### What the task requires
Please produce an exact copy of only the lines from the one with "Kamar mandi baru" through the last one of the material, without pictures.

### Dataset content
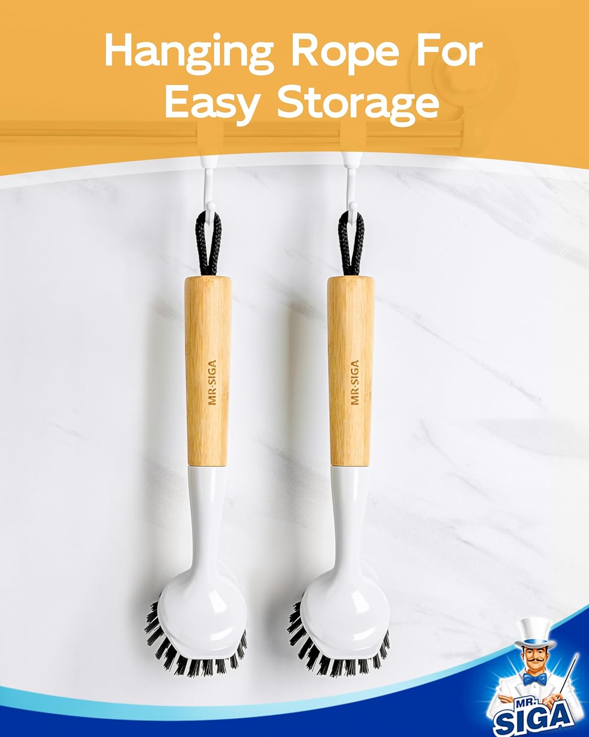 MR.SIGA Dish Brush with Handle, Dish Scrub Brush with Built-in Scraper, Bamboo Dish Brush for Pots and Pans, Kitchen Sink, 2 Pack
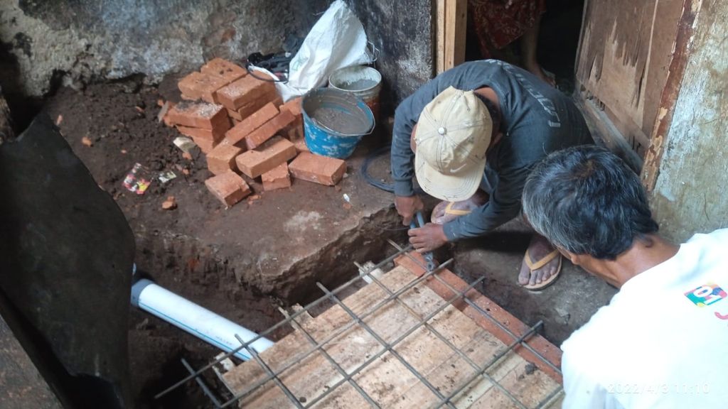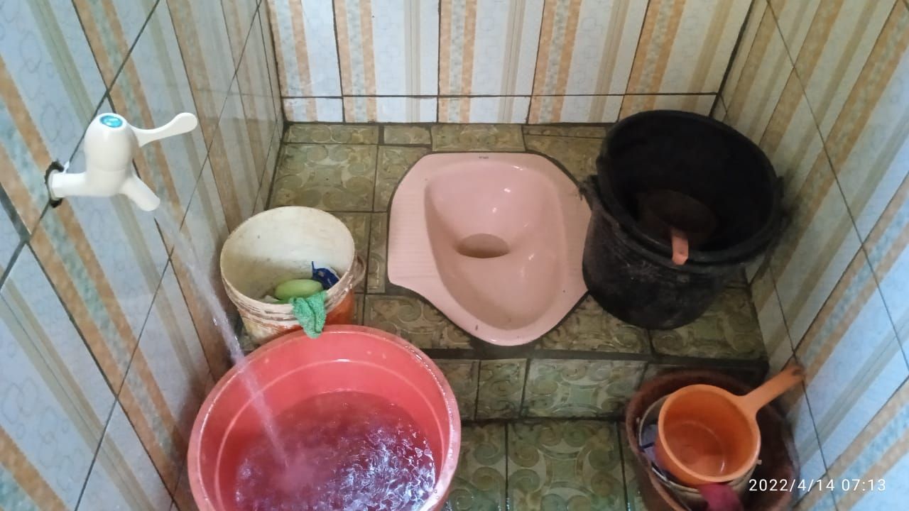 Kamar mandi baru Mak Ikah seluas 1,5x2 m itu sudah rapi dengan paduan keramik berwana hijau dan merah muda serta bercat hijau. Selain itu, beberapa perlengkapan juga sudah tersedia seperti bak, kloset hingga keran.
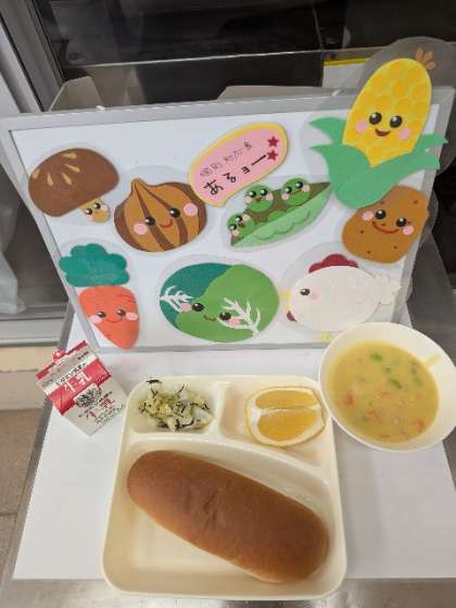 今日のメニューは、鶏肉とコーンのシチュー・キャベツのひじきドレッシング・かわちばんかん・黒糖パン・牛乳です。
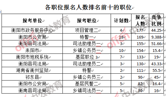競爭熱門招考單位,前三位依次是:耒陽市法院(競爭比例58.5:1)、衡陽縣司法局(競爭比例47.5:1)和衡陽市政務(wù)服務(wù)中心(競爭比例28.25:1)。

### Output of the exercise
 Kamar mandi baru Mak Ikah seluas 1,5x2 m itu sudah rapi dengan paduan keramik berwana hijau dan merah muda serta bercat hijau. Selain itu, beberapa perlengkapan juga sudah tersedia seperti bak, kloset hingga keran.
 今日のメニューは、鶏肉とコーンのシチュー・キャベツのひじきドレッシング・かわちばんかん・黒糖パン・牛乳です。
競爭熱門招考單位,前三位依次是:耒陽市法院(競爭比例58.5:1)、衡陽縣司法局(競爭比例47.5:1)和衡陽市政務(wù)服務(wù)中心(競爭比例28.25:1)。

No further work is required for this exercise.